Task prompt
Repeat the data that follows, word for word, without the images.

Collected data
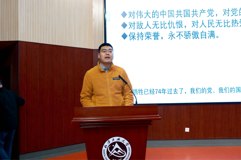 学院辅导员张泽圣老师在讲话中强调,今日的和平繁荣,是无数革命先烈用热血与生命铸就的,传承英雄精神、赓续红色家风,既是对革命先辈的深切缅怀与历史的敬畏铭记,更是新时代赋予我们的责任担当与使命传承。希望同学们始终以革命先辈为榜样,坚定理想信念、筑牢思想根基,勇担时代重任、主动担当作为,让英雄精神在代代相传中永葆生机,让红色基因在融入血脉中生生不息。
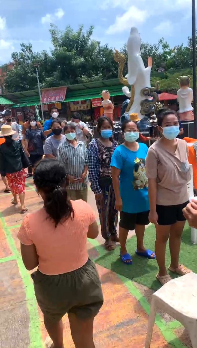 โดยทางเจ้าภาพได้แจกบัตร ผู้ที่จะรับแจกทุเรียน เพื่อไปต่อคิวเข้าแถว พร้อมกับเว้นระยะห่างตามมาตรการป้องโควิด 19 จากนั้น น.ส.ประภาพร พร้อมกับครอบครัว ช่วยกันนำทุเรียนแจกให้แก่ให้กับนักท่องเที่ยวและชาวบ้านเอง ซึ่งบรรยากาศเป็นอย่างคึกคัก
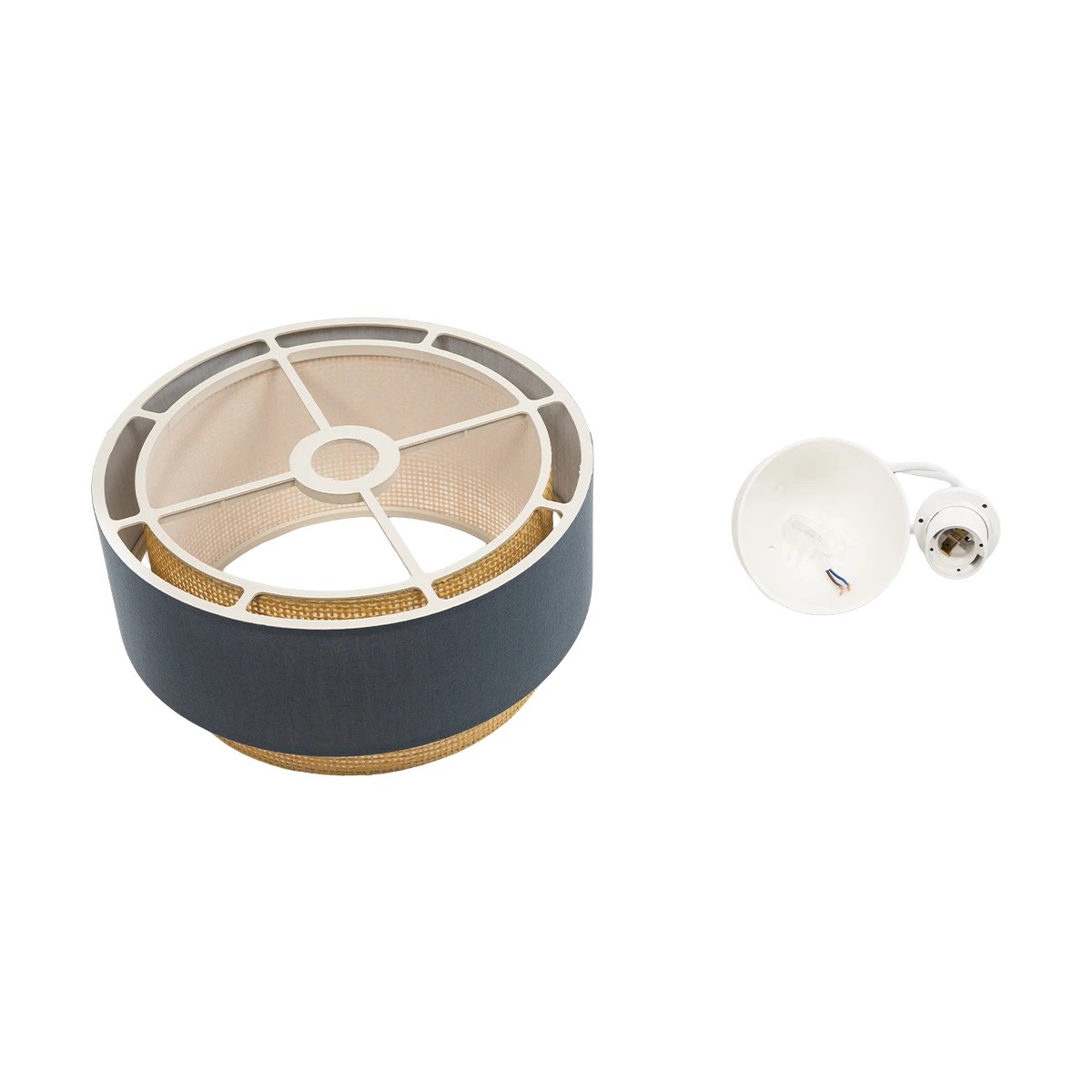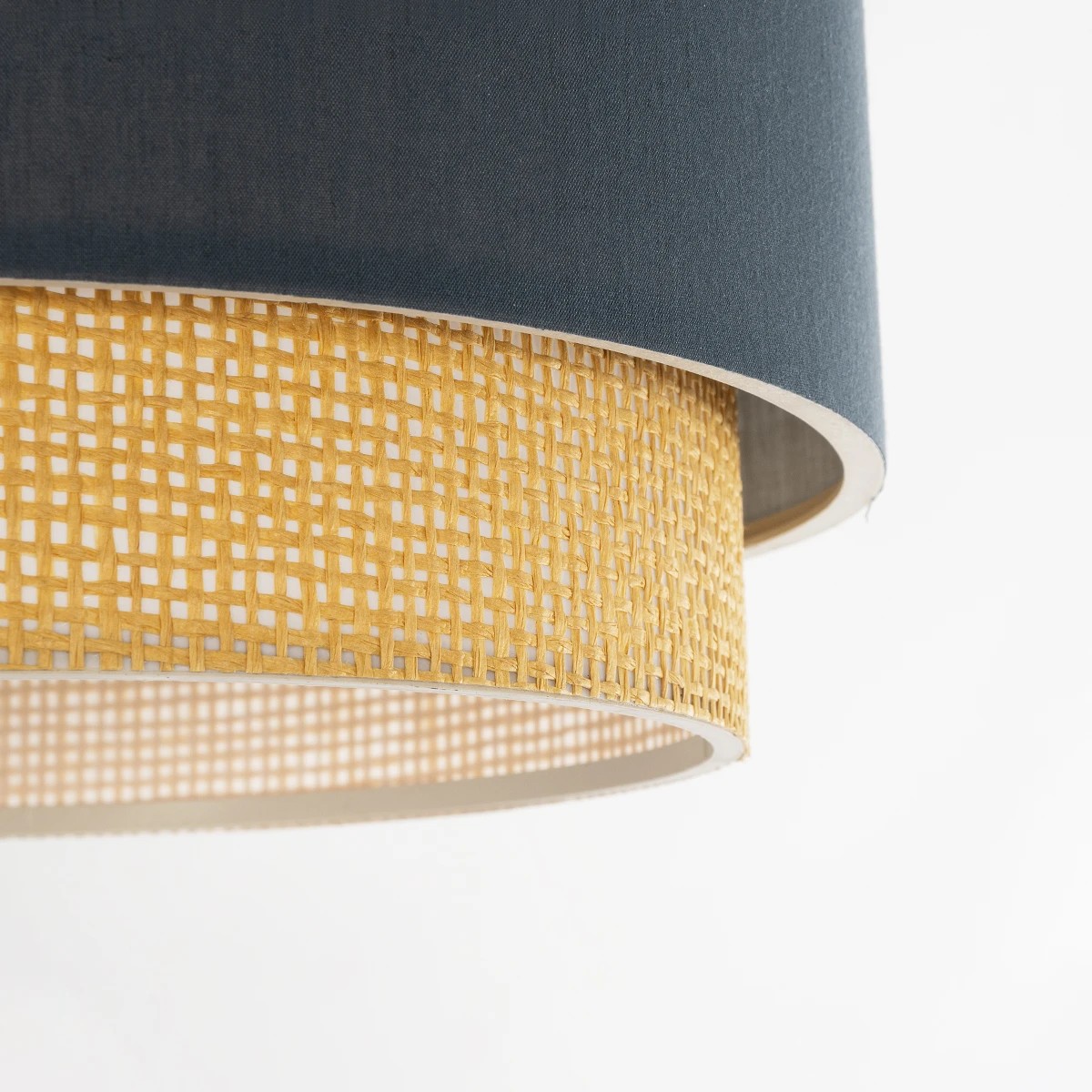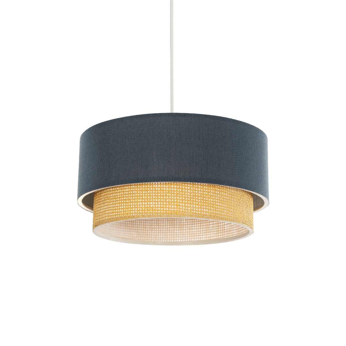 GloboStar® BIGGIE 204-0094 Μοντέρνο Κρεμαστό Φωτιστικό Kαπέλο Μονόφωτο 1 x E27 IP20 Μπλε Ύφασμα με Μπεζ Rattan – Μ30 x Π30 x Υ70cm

Answer section
 学院辅导员张泽圣老师在讲话中强调,今日的和平繁荣,是无数革命先烈用热血与生命铸就的,传承英雄精神、赓续红色家风,既是对革命先辈的深切缅怀与历史的敬畏铭记,更是新时代赋予我们的责任担当与使命传承。希望同学们始终以革命先辈为榜样,坚定理想信念、筑牢思想根基,勇担时代重任、主动担当作为,让英雄精神在代代相传中永葆生机,让红色基因在融入血脉中生生不息。
 โดยทางเจ้าภาพได้แจกบัตร ผู้ที่จะรับแจกทุเรียน เพื่อไปต่อคิวเข้าแถว พร้อมกับเว้นระยะห่างตามมาตรการป้องโควิด 19 จากนั้น น.ส.ประภาพร พร้อมกับครอบครัว ช่วยกันนำทุเรียนแจกให้แก่ให้กับนักท่องเที่ยวและชาวบ้านเอง ซึ่งบรรยากาศเป็นอย่างคึกคัก
 GloboStar® BIGGIE 204-0094 Μοντέρνο Κρεμαστό Φωτιστικό Kαπέλο Μονόφωτο 1 x E27 IP20 Μπλε Ύφασμα με Μπεζ Rattan – Μ30 x Π30 x Υ70cm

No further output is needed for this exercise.